C/C++/Build Style Rules
- In a file that implements an interface declared in a header file, always include that header file. Rationale: this prevents interface / implementation mismatches, since C does not do C++ style name mangling to encode the parameter types in the linker-level name. Even in C++, since the return type is not part of the type signature, return type mismatches would not get detected as a side-effect of name mangling.
- Header files have guards against multiple inclusion. Rationale: unlike traditional Unix system header file style, the user of a header file is not responsible for knowing what type declarations etc that the header file may transitively require and to put include directives for transitively dependent header files in the C/C++ file ahead of the desired header file. Instead, the Google style is that if a header file A depends on something in header file B, then A should include B. If a source file also needs something from B, it will explicitly include B again. Do not depend on knowledge about A's implementation -- i.e., that it would include B -- in the source file, since that's an implementation detail that may change. Always directly include all header files that are needed by a file, but do not "look inside" files that you include: do not depend on transitive inclusions.

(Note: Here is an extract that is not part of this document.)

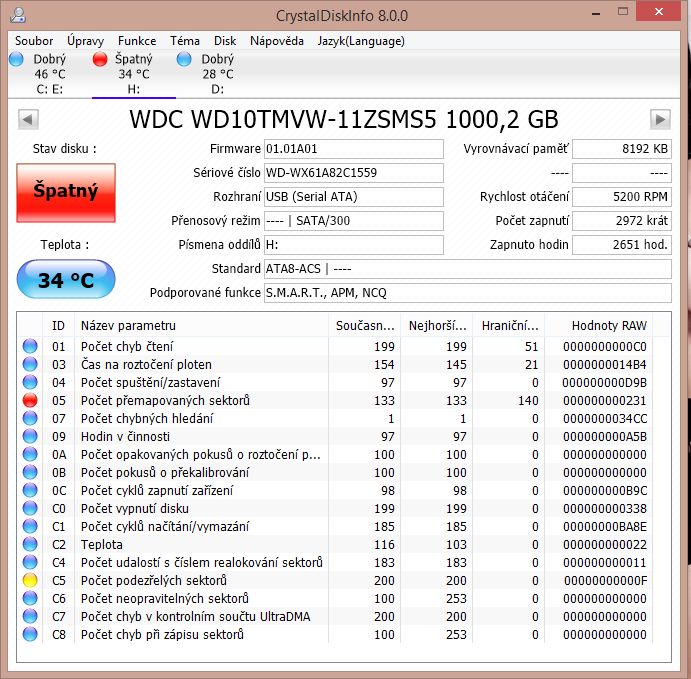 Dobrý den, pravděpodobně došlo k mechanickému poškození externího disku (WD My Passport). Důsledkem toho je veškerá práce s diskem VELICE pomalá, prakticky nemožná. SMART test: Chyba v položce: Reallocated Sector Count: Value 133, Treshold 140, Worst 133, Warranty 1. Vím, že disk je kaput, jde mi po...
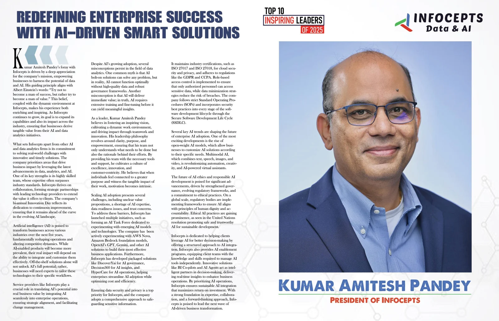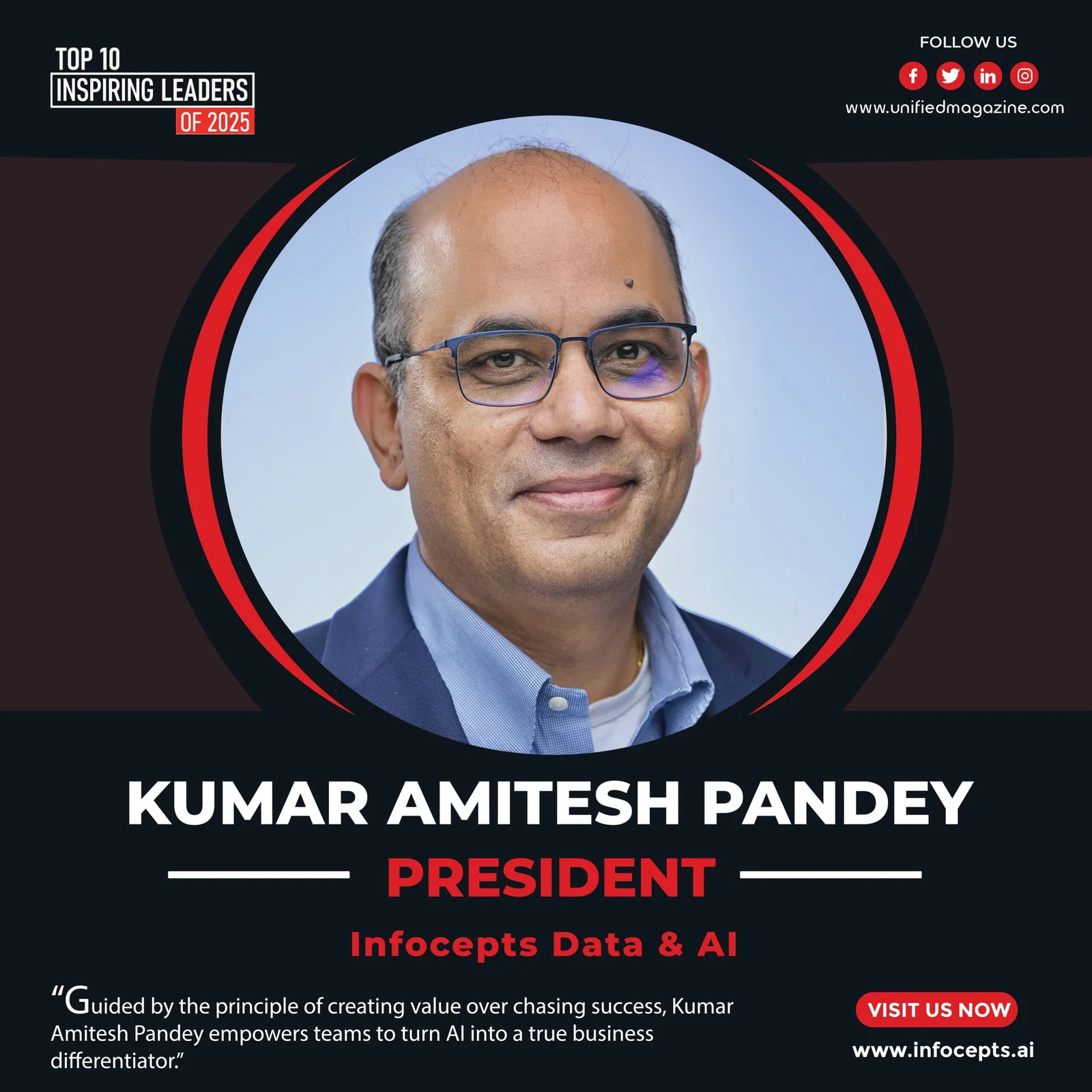 Washington, D.C. – June 26, 2025 — Infocepts is proud to announce that Kumar Amitesh Pandey, President of Infocepts, has been recognized by Unified Magazine as one of the Top 10 Inspiring Leaders of 2025. This prestigious honor celebrates visionary leaders who are driving meaningful change, empowering people, and shaping the future of their industries.

- At the same time try to reduce the number of other header files your header depends on. If you only use a class/struct via pointers/references a simple forward declaration will do. Similarly you may want think twice before making a class contain another class as a member. Often using a pointer/reference will provide better information hiding at the price of an extra indirection (along with memory allocation and associated error handling).
- Don't turn off compiler warning flags. If you have to, e.g., because we absolutely have to include a third party file, clone the scons build environment and remove the compiler warning flag only for that cloned environment, and use that cloned environment only for those files that includes the third party header file. Be judicious and limit the amount of taint as much as possible.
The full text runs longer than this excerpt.